I do feel for you as I have a baby and disrupted sleep with that too, I nap in the day and sometimes evening too I just don't have the energy to do anything else just now.

runikka · 24/10/2008 13:48

Many thanks for your reply.

We do get DLA but are putting towards his special diet as he is costing us a small fortune in gf/cf bread right now and we are also hoping to start an ABA tutor once a week aswell.

Unfortunately I cannot cut my hours and stay in my job. We have a huge mortgage and rely on both salaries just to get by now.

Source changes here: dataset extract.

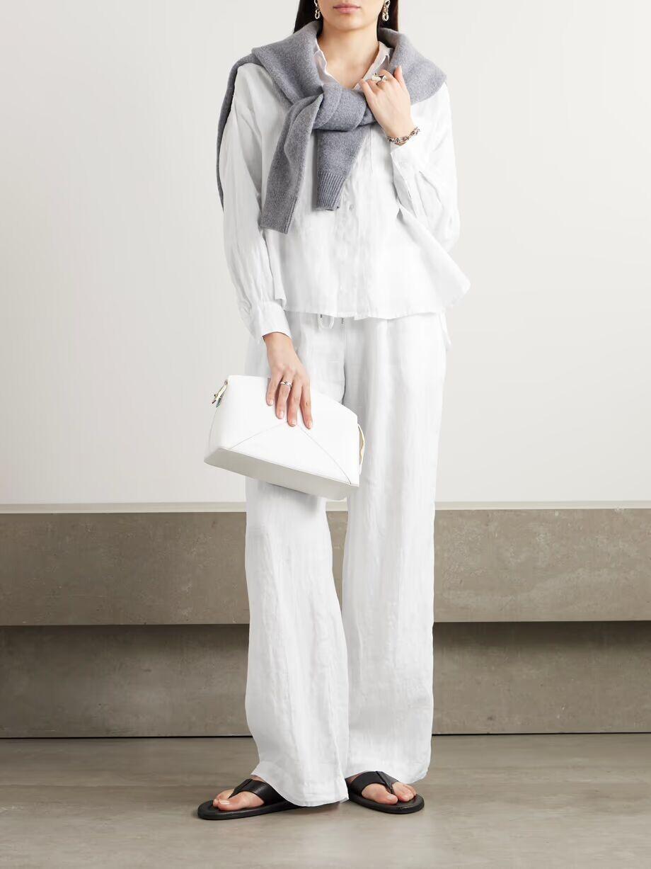 - Белый лен - Застежка на пуговицы спереди - 100% лен - Машинная стирка

I know what you are saying is right, I just cant see we can drop anything

OP posts:
tellyaddict · 24/10/2008 15:34

Oh dear . What a difficult position you are in. I do worry for your health when you are not getting enough sleep and still having to go out to work (ie can't then catch up during the day). How about going to bed when your lo does a couple of nights a week? As you'll know from your lo's babyhood, you do adjust to broken sleep but you still need to get enough sleep in the long run, so a few very early nights might help.

You might be able to get special dietary things on prescription via your GP - some people do. There are also lots of other ways to make money such as taking in a lodger (not ideal I know, but sometimes something has to give), if there is a college close to you they are often looking for accommodation for foreign students. Income is also not taxable up to about £500 a month. Is there something you can do from home?

Hope you can find a solution soon.

slackrunner · 24/10/2008 22:26

Have you factored Carers Allowance into the equation? I know that CA is like pissing in the sodding ocean in terms of paying bills and meeting overheads, but if you maybe did what tellyaddict suggests and had CA....And tax credits for that matter.

Can your paed maybe suggest some medication to help manage his GI pain when that's what causes him to wake?

I do empathise runnika - DH and I work F/T and when dd goes through a run of not sleeping it kills us. I wish I knew what else to suggest.

Pixel · 25/10/2008 13:55

What I often do is get in bed with ds when he goes up, we can have a story and a cuddle and he goes off to sleep much more quickly. I stay with him for an hour or two's uninterrupted sleep which helps me feel I've caught up a bit and then I get up and have the some time watching tv with dh or working or whatever. It's still no fun when ds wakes me up at 3am and charges around the house until dawn but I don't feel quite so deprived, knowing I've already had an extra nap.
I don't do it every night because I don't want him to lose the ability to go to sleep on his own (it was hard-won) but every little helps.